Five metres along the corridor, Kenelm was sprawled face-down on the floor. She knew it was Kenelm; the body was wearing hir green-and-blue tunic. But sie’d been dead for a long time. Yirella could see hir head, the shrunken desiccated skin tufts protruding from a skull that had decayed so far there was very little left. A disgusting stain had spread out from it, organic fluids long since dried.
But . . .
Hir feet were swollen and discoloured, the flesh a vile mid-putrefaction green.
All Yirella could do was stand there staring, muscles rendered useless by shock and incomprehension.
The Olyix haven’t slowed time, she realized. They’ve speeded it up. But how did that kill hir?
It made no sense. If Kenelm had walked into a zone with a faster time flow, then sie would simply live at that rate. Just like the Morgan had lived at a slower rate while they were flying along the wormhole.
She examined the body again.
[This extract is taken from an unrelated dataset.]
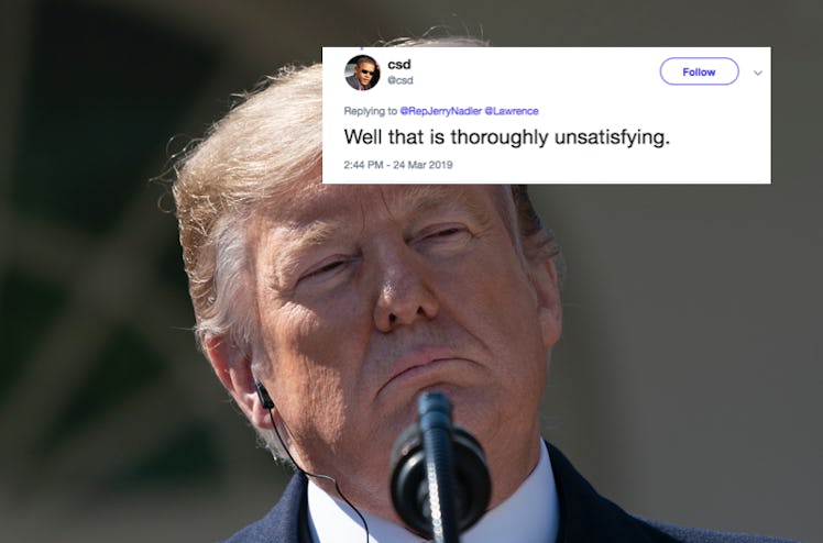 You can read the letter Barr submitted to the House and Senate Judiciary Committees here. Elite Daily reached out to the White House for comment, but did not immediately hear back. In any case, people were underwhelmed with the results.

The swollen feet were wrinkling up, the flesh darkening, while the head’s paper-like skin was diminishing away to nothing as wisps of hair fell to the floor.
‘Different rate,’ she whispered. ‘It’s a gradient.’
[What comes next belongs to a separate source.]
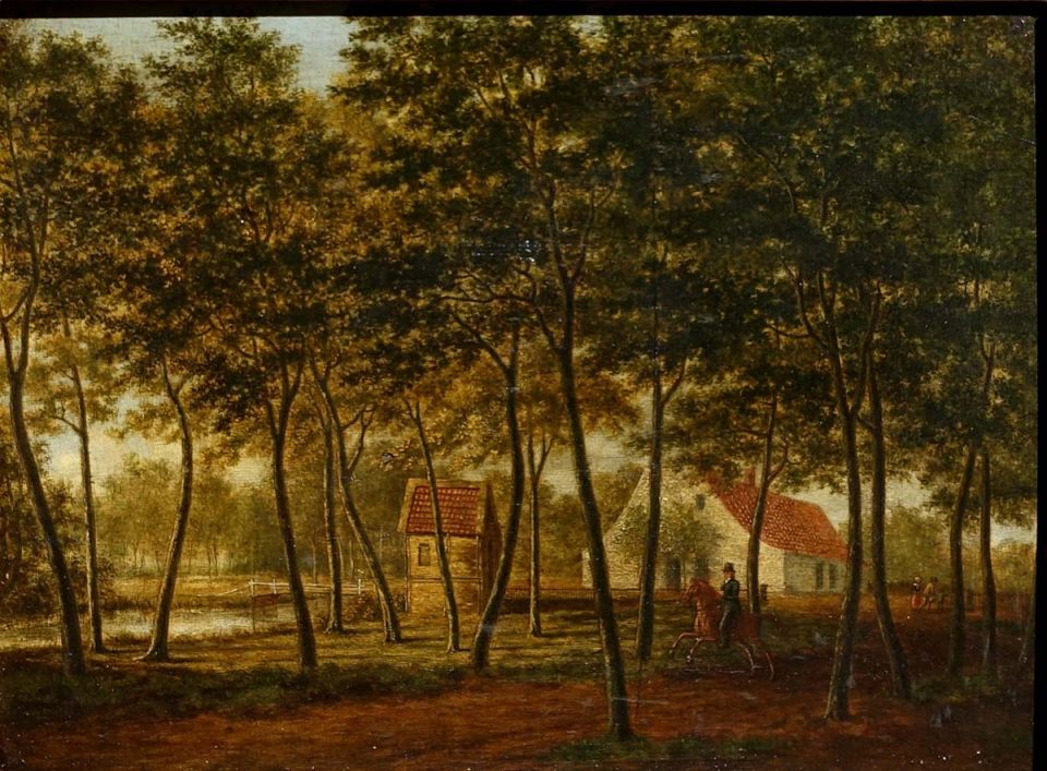 S010 Ruiter op een bospad bij kanaal en twee huizen

The zone of faster time flow didn’t have an abrupt border. It built over a few metres from the ordinary rate where she was standing to one where a human corpse decayed in barely a couple of minutes. A databud file told her that kind of decay would take years.
Great Saints! She took an involuntary step backwards. The gradient, short though it was, would be utterly lethal to any living thing. All the parts of your body would be living at different rates as you moved through it. Circulation would be impossible, nerve impulses from the faster sections would flood into the slower ones, overloading axons to burnout while the misfiring synapses of the brain would scramble every thought.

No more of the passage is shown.